A seller of real property is not the only one obligated to disclose facts about real estate. Real estate agents are also obligated to disclose to a prospective buyer information about the real estate.
Minnesota’s Real Estate Agent Disclosure Law
Minnesota Statute 82.68, Subd. 3 provides that:
A licensee shall disclose to a prospective purchaser all material facts of which the licensee is aware, which could adversely and significantly affect an ordinary purchaser’s use or enjoyment of the property, or any intended use of the property of which the licensee is aware.
Minnesota law provides, however, that certain categories of facts are immaterial, and therefore, do not have to be disclosed. Those include:
- That the prior owner or occupant was infected with HIV or AIDS;
- That the home was the site of a suicide, accidental death, natural death, or perceived paranormal activity;
- That the home is in a neighborhood with an adult family home or community-based residential facility or nursing home.
Also, the real estate agent does not need to disclose information about the property that is disclosed in a written report prepared by the buyer’s own inspector.
How To Prove A Real Estate Agent Failed To Disclosure
To hold a real estate agent liable for non-disclosure, there must be evidence to prove that the agent knew about a material fact concerning the home or property.
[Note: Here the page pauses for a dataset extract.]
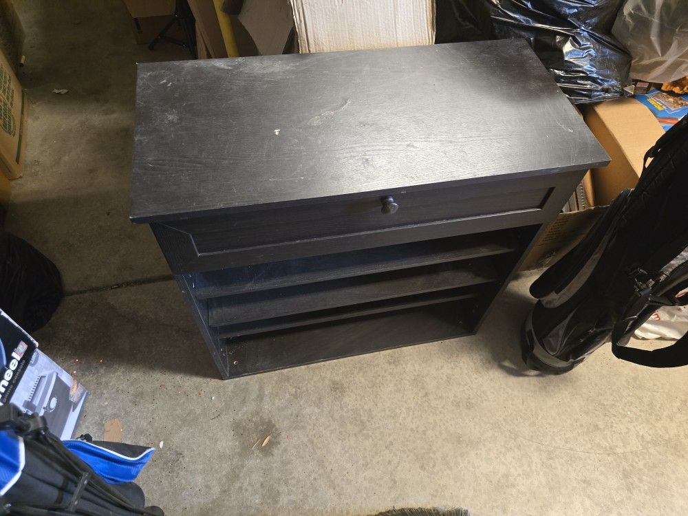 Shoe dresser with drawer and 3 shelves Good condition, just slightly dirty but can be easily cleaned. Legs are in the drawer.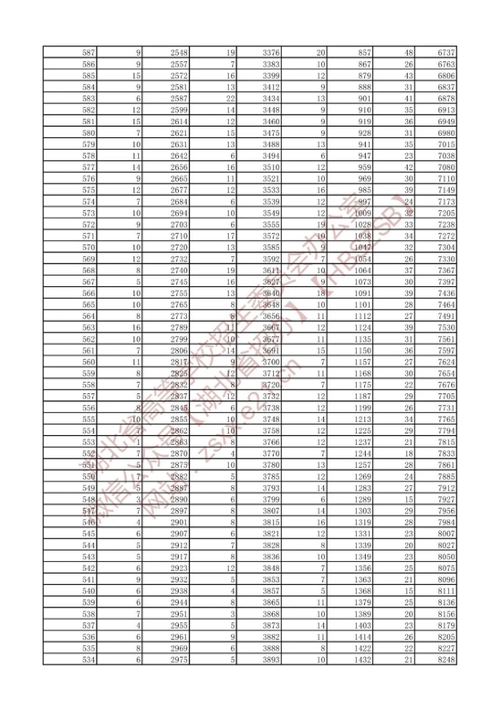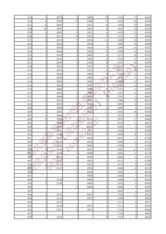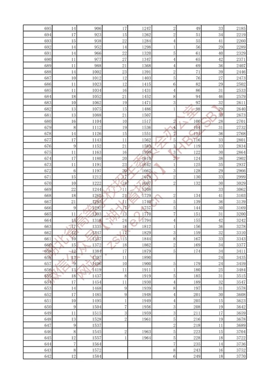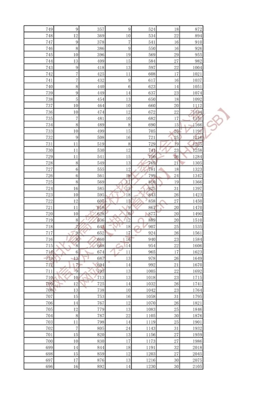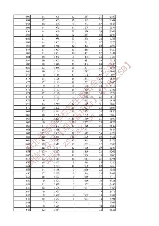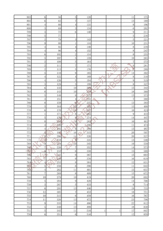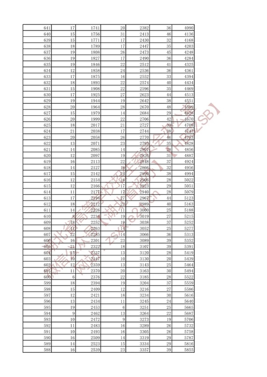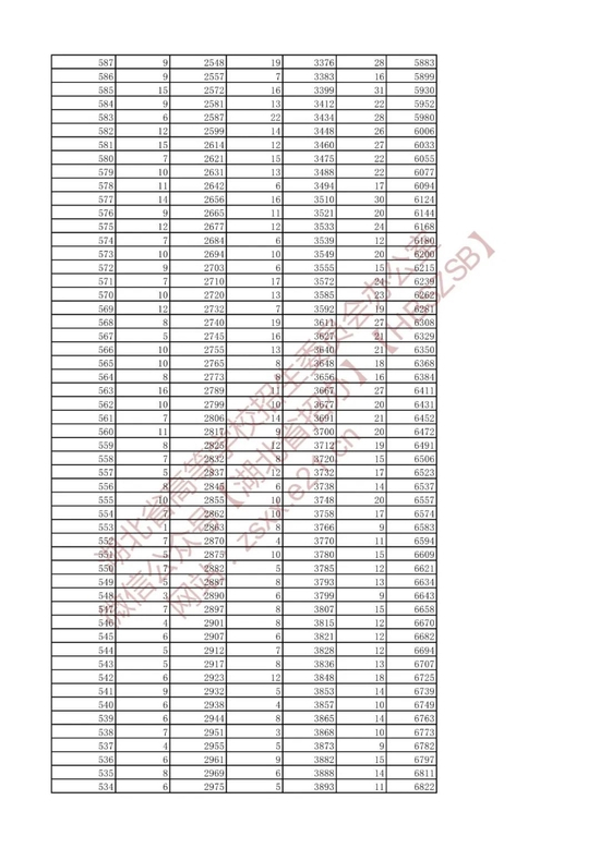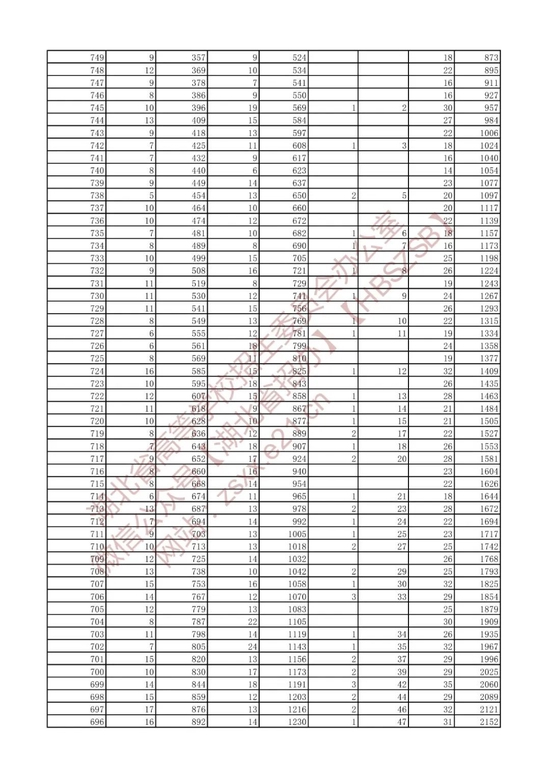 招生排序一分一段统计表

There are several ways that real estate agents commonly learn information about a property:
- Real estate agents often learn about problems with a property from a seller. If neither the seller nor the agent disclose the information, both can be held liable.
- Real estate agents sometimes learn about problems with a property from conversations with neighbors. It is not uncommon for neighbors to offer unsolicited information to real estate agents. If there is a problem with a recently-purchased home, it is worth asking neighbors whether they knew about the issue, and whether they spoke to the real estate agent about it before the sale.
- Real estate agents are often very familiar with particular neighborhoods, and acquire a historical knowledge of problems with properties. Sometimes agents even list a property for sale on multiple occasions.
Any buyer who believes that they are the victim of a failure to disclose should consult with an attorney immediately. The time to pursue a claim may be limited by state law or by the terms of any agreements between the parties.
The information provided in this article is for informational purposes only, and does not constitute legal advice. Each situation is unique and the application of Minnesota law depends on the specific circumstances of each case.